*YOUR ASSIGNMENT:* Would you transcribe only the lines below, from the one containing "Olivia Dell Hoping" through the end of the material, exactly and with no pictures?

*DATA BLOCK:*
----------

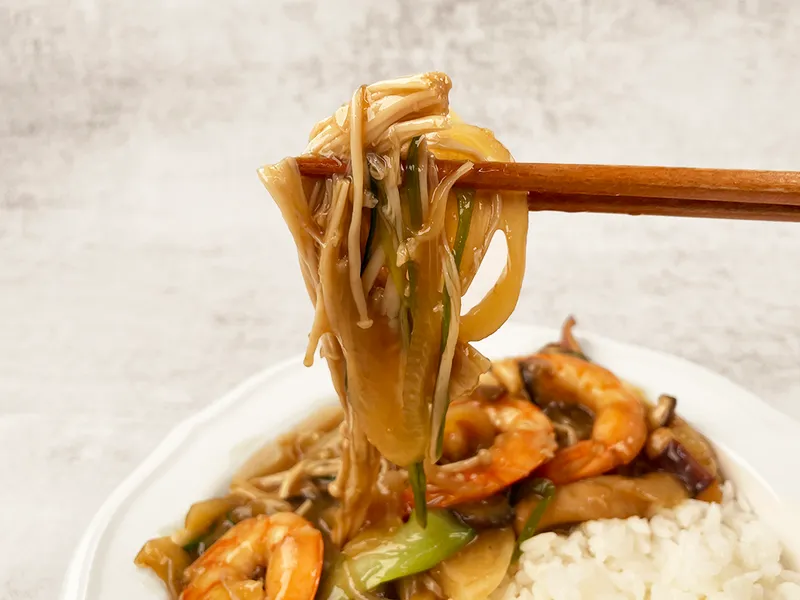 해삼, 새우, 오징어 등 청정한 통영에서 온 해산물이 가득 들어갑니다. 특히 해삼은 건해삼이 아닌 생물을 사용하니 꼬들꼬들 쫄깃함이 살아있어요. 맛도 좋고 식감도 좋고, 영양까지 챙긴 유산슬 덮밥입니다🙌
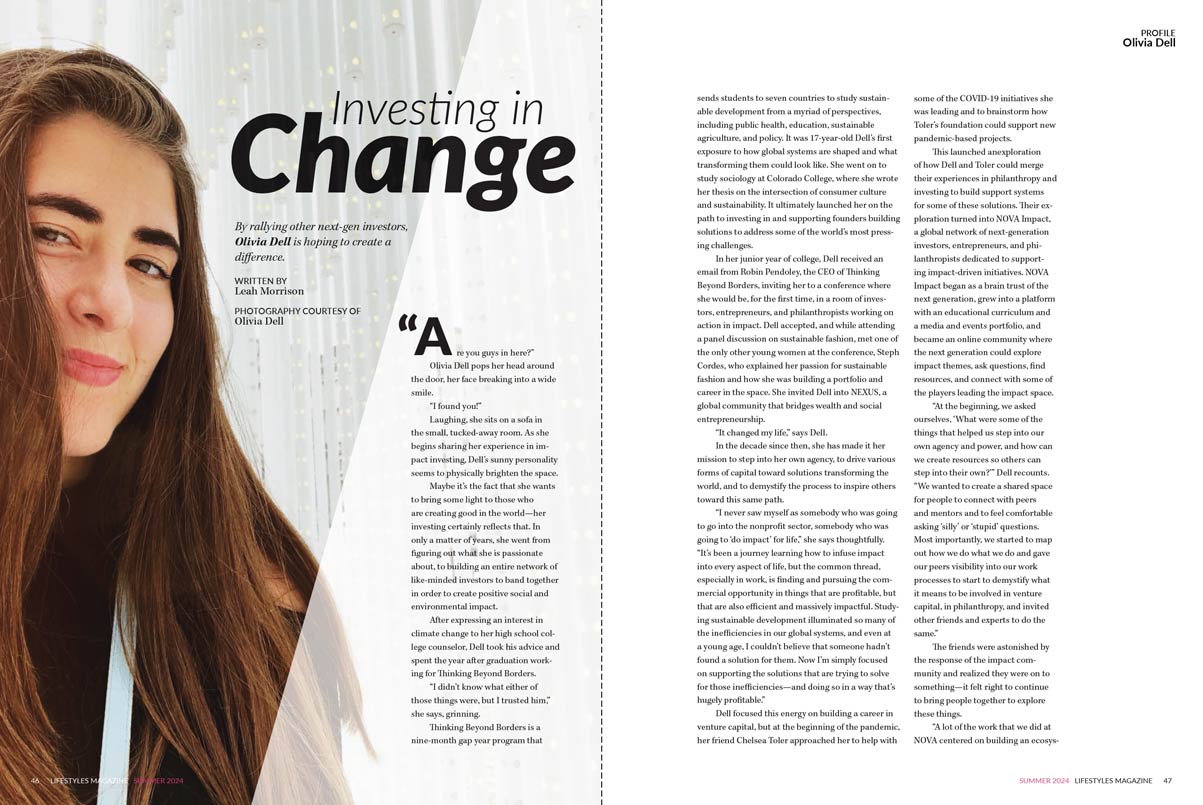 Olivia Dell Hoping to create a difference by rallying other next-gen investors. You need an account to see this page! Please login or subscribe to Lifestyles Magazine to view this issue. Leah Morrison Author at Lifestyles Magazine
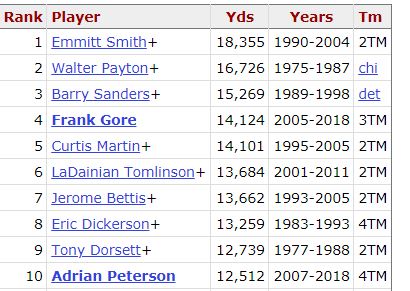Frank Gore is 1,000 yds away from passing Barry Sanders for 3rd all time career rushing yards. Obviously Gore has been active far longer than Sanders' relatively short nine year career but still....i didn't think Gore was anywhere near the top 10.

----------

*WRITTEN RESPONSE:*
 Olivia Dell Hoping to create a difference by rallying other next-gen investors. You need an account to see this page! Please login or subscribe to Lifestyles Magazine to view this issue. Leah Morrison Author at Lifestyles Magazine
Frank Gore is 1,000 yds away from passing Barry Sanders for 3rd all time career rushing yards. Obviously Gore has been active far longer than Sanders' relatively short nine year career but still....i didn't think Gore was anywhere near the top 10.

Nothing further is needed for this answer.